Рядом стоял очкастый мальчик из их третьего отряда. По прозвищу Ужик.
3
Звали его Глеб. А фамилия была Капитанов.
Он так и сказал на сборе знакомства: Глеб Капитанов. Но многие поняли это как “Глебка Питанов”. Прозвища в первый день лепили наскоро – сокращая фамилии. Но “Пита н” было непонятно. Почти сразу переделали в “Питон”. А потом кто-то из лагерных остряков заметил:
– Не питон, а кобра, потому что очковая змея.
Но “Кобра” тоже не прижилась. Рассудили, что кобра – змея грозная и ядовитая, не подступись. А Глебка был из тех, кто муху не обидит. И потому еще один остряк внес поправку:
– Не кобра, а безобидный уж. Хоть узлом завязывай – не укусит…
Ужей в окрестностях лагеря было множество, их не боялись даже девчонки. И все согласились, что Глебка по натуре своей смирный, как уж. Кроме того, ужи отмечены были желтыми пятнышками, а Глебка – редкими желтыми веснушками. Впрочем, они были почти незаметны.

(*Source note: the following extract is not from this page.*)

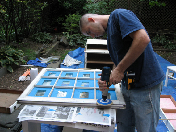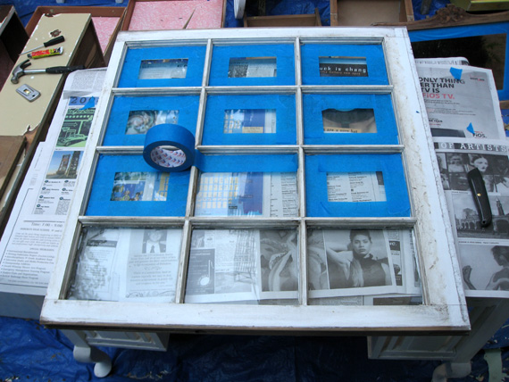 We started the process of prepping the windows during out 48-hour furniture-refinishing weekend. Here, we taped up the windows to prevent the new coat of paint from dripping on the glass.

Но “уж”, слово слишком короткое, неудобное. И стал Глебка не “Уж”, а “Ужик”. Это еще больше ему подходило…
Несмотря на тихий характер, “лагерным тютей” Глебка не сделался. Его не обижали. Сперва, с подначек Мумы, пробовали приставать, но Глебка смотрел в ответ с какой-то непонятной жалостью. Не к себе, а к обидчику, Серые глаза его за очками были спокойными и снисходительными: “Странные вы люди. Что за радость изводить человека?” И любители изводить один за другим отступились.

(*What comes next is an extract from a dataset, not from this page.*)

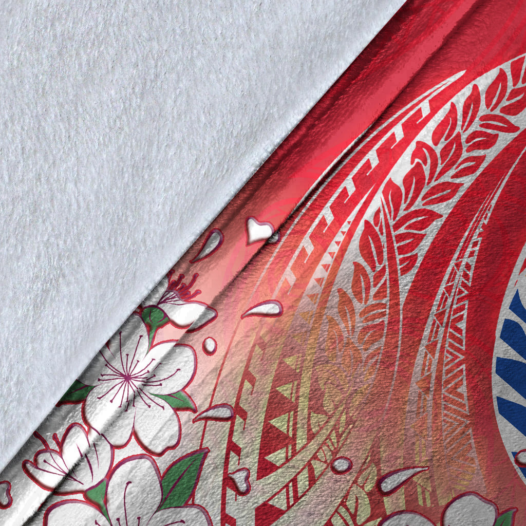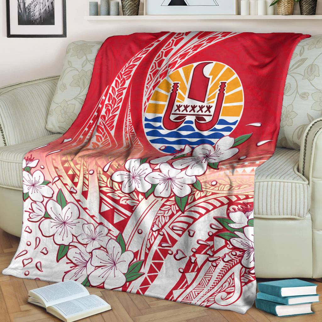Tahiti Premium Blanket Polynesian Pattern Style White Flowers

Ужик не участвовал ни в шумных играх, ни в проказах и дисциплину почти не нарушал. Почти – потому что однажды вожатая Валя подняла крик: узнала, что ее пионер Глеб Капитанов без спросу ходит к реке.
С рекой шутки были плохи, Она – совсем не широкая, но быстрая, вся в упругих струях течения и воронках. Купаться в ней разрешалось не везде, а только в одной заводи, в огороженном “лягушатнике”. Да и то под строгим наблюдением вожатых и физрука Бори. Пацаны из ближней деревни – те купались где угодно, потому что смелые и без нянек-воспитателей. Но смелость обходилась им недешево: почти каждое лето кто-нибудь из деревенских тонул.
Поэтому насчет реки правило было железное: без спросу и в одиночку на берег ни шагу. И вдруг – самовольщик! Нарушитель! И ни кто-нибудь, а тихий Ужик!
Ужик в ответ на вопли и упреки Валентины пожимал плечами и негромко ей втолковывал:
– Ну, посудите сами, что со мной может случиться? Я же просто сижу на берегу и ничего не нарушаю. Даже близко к воде не подхожу. Только так, чтобы камешек бросить.
– Все говорят: не подхожу! А потом не успеешь оглянуться – уже барахтаются по уши в воде!
– Да зачем же я полезу барахтаться, если я совершенно не умею плавать?
– А что ты тогда там делаешь?
– Ну… я сижу и смотрю. Мне нравится смотреть на течение…
Другого бы пропесочили на вечерней линейке и дали бы такой строгий выговор, после которого, если еще одно замечание, – сразу домой. Но тут Валя только рукой махнула. Потому что Глебка никогда не врал. Раз сказал, что не лезет к воде, значит оно так и есть.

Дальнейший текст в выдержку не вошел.